Dataset excerpt ▸

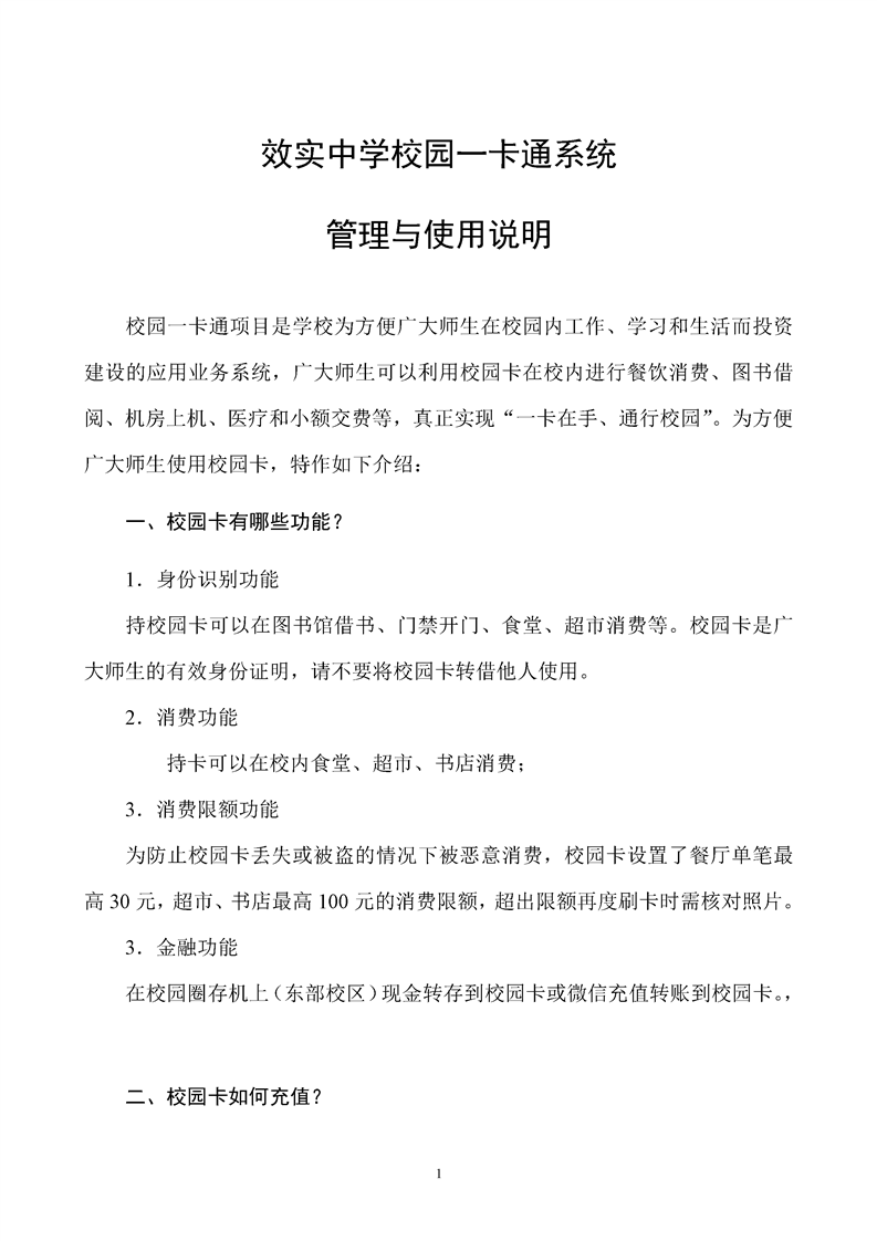 效实中学校园一卡通系统管理与使用说明
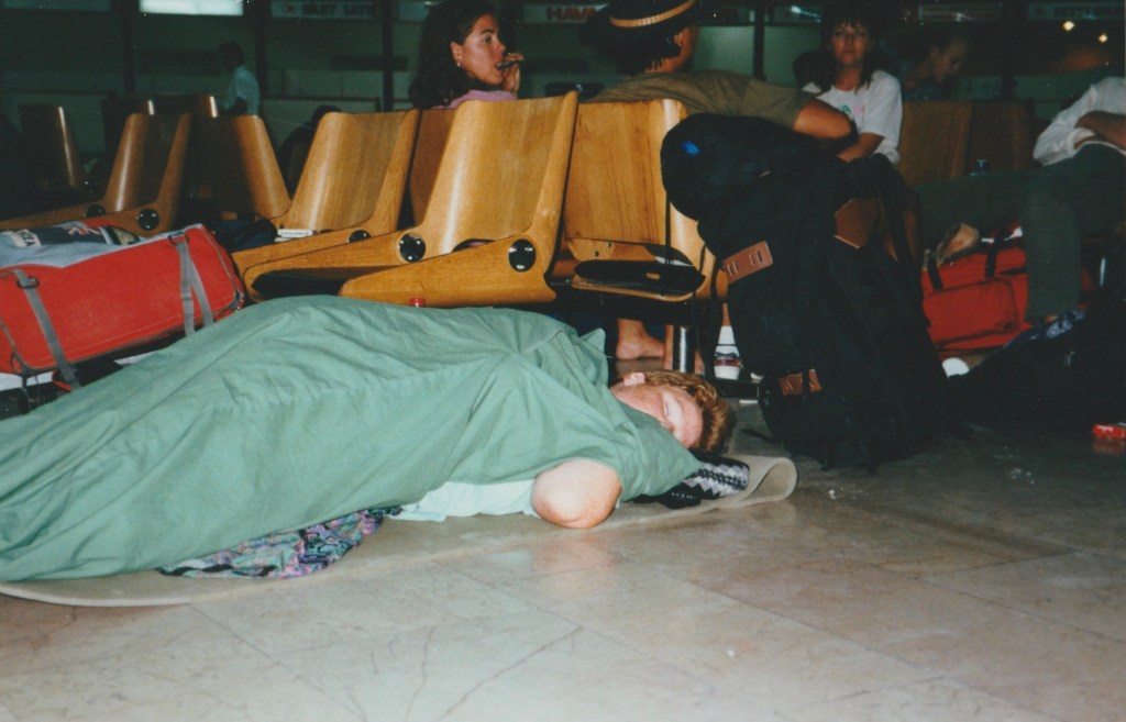 We were searched and had our passports checked just to get into the airport and our packs were x-rayed. Inside the airport we settled down to wait…
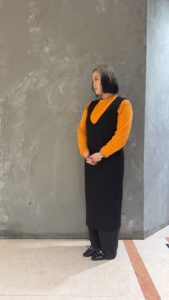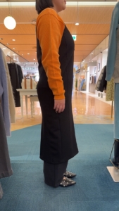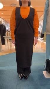 縦ラインを強調したシルエットが細見えを叶える、ジャンパードレス💓

Your objective ▸ Going from the line with "We were searched" to the last line of the listing, write out each line exactly and nothing else. Leave out all pictures.

Your response ▸
 We were searched and had our passports checked just to get into the airport and our packs were x-rayed. Inside the airport we settled down to wait…
 縦ラインを強調したシルエットが細見えを叶える、ジャンパードレス💓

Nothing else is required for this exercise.